One of my roles is as Deputy Chairman of SOCITM Insight, the local authority IT management think tank.
SOCITM has just published its annual Better Connected survey. In it, SOCITM complain Councils still don’t embrace the digital route when it comes to engaging with the public or delivering public services.
What is going on? We all know, and have known for years, that movement from face-to-face services to digital delivery has achieved modest progress. But more individuals have more ‘on-line competency’ than ever before.
SOCITM states that “A vast majority of councils (68%) have failed to achieve more than two stars out of the possible four in Better Connected 2011, while only 2% or nine councils have achieved the four stars. They are Brighton & Hove, Bristol City, East Sussex CC, Eden DC, The City of Edinburgh, Lewisham, Richmond upon Thames, Salford City and SurreyHeath BC.
The number of four star ratings have dropped from eleven and only two East Sussex County Council and Salford City have retained their four star ratings. The number of three star sites is 131 (30% of the total 433) compared with last year’s 106 (24%). The remainder comprise 187 two star sites (43%), compared with 199 (46%), and 106 one star sites (25%) compared with 116 (27%). London leads the way where 67% of councils have received three or four star ratings while none of the Northern Ireland District councils received any three or four star ratings.
Shire County councils did reasonably well with 44% of them receiving three to four star ratings compared to Scottish Unitaries and metropolitan and shire district councils – 28% of whom have received the top two ratings in this year’s survey.
Better connected 2011 is based largely on analysis of the annual survey of the 433 local authority websites in England, Wales, Scotland and Northern Ireland that has been carried out since 1999. This year, 49 other public sector sites were also assessed, including fire and police services, PTEs, RSLs and a range of other government and third sector bodies. “The web is no longer about technology. It is about delivering lower cost services designed around the user,” said Jos Creese, Socitm President. “Any public service organisation, therefore, which is not fully integrating the potential of web delivery in financial and customer service strategies is likely to be under-performing in both areas.”

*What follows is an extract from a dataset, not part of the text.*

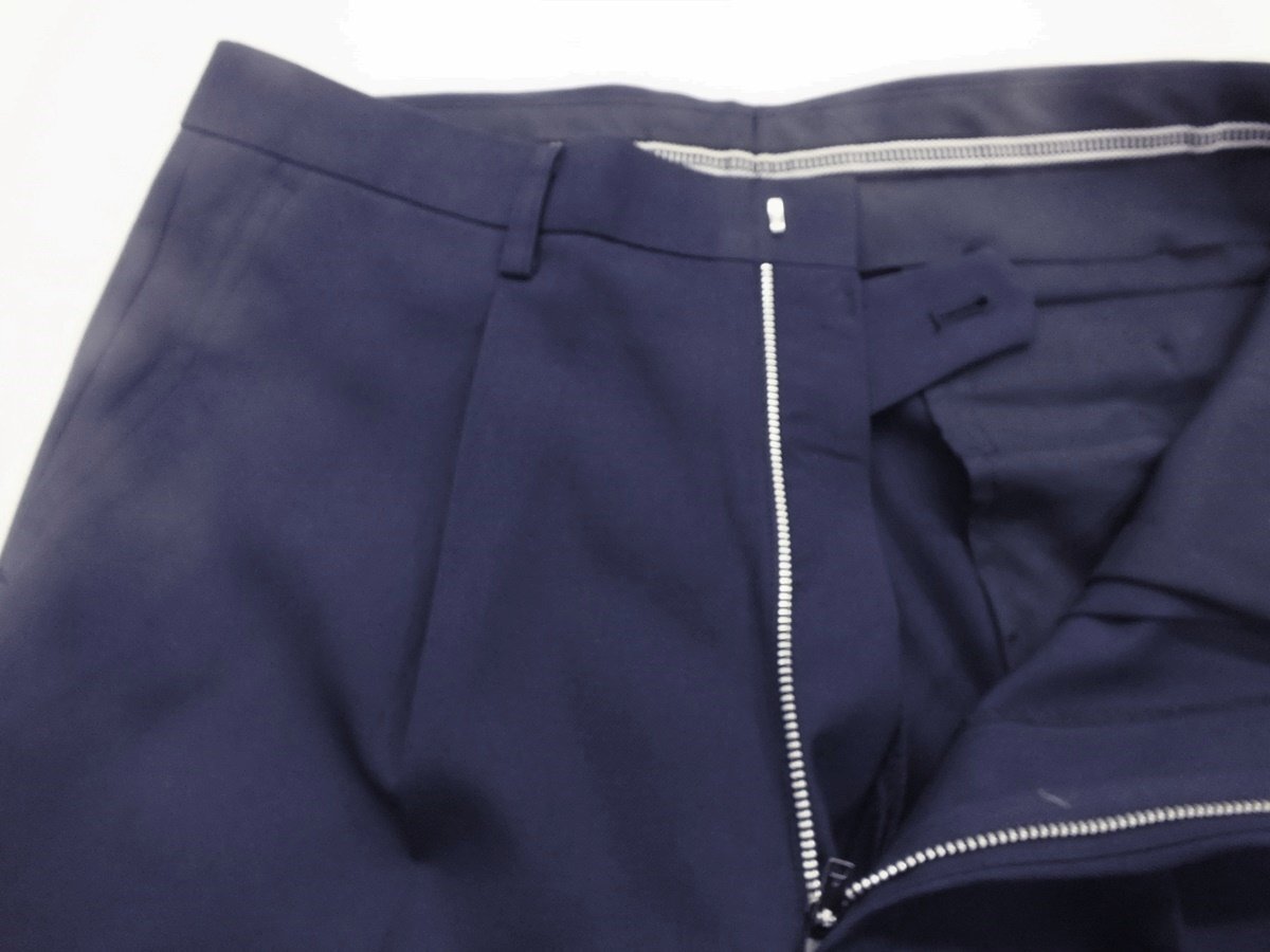特色 ・ワンタック仕様で楽々 ・厳選されたクオリティの高い素材使用 ・シャツ滑り止め付き アイテム:秋冬ワンタッグパンツ ウエストサイズ 94cm ワンタッグ仕様 色:ネービー系 柄:無地感覚 表素材:ポリエステル50/毛50 裏素材:ポリエステル100 縫製:日本 詳細な寸法 ウエストサイズ:94cm 股上28.5cm/渡幅36.7cm/膝幅26.5cm/裾幅24.5cm/股下87cm | ||||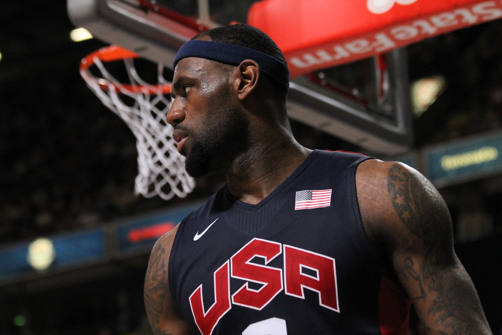 When a referee asks the USA bench to kindly stay off the court, King James gives him a dirty look and hollers out “Who are you?”

Think Customer, Top Tasks, Go Mobile
In order to reduce their dependence on the traditional, more costly-to-serve, channels of phone and face-to-face, Better connected 2011 suggests that councils evaluate their website performance and focus on three interconnected themes – think customer, focus on ‘top tasks’, and go mobile.
- Think customer: managing the website should be seen as a broader part of managing customer access. The web team should be seen as part of customer service, and should see this as its primary goal.
- Focus on top tasks: for website performance to improve, visit failures must be reduced by identifying and managing top tasks on the principle that the more the site is used for any task, the more important it is to make that task quick and easy to use.
- Go mobile: local authorities are not immune from the trend to smart phones and their websites must be able to respond to the demand for web access ‘on the move’. A ‘top tasks’ approach to content presentation plays to this agenda as mobile devices are ideally suited to responding to a person wanting to complete a simple task.
There are some great examples of local authorities that have achieved effectiveness Channel Shift. In fairness, most of these Authorities were very forward looking and have been working on their Channel Shift for a number of years.
Once such excellent example of Channel Shift I saw recently was for Tameside Council. I met with their Deputy Chief Executive, Tim Rainey. He is an exceptionally intelligent chap with a pragmatic view of how their Channel Shift strategy has reduced their costs in some areas from hundreds of pounds per transaction to less than £1.
My suggestion? Call Tim and ask him to explain Tameside’s Channel Shift strategy and how it has made significant improvements in service levels for their citizens, but at the same time, cut their service costs significantly.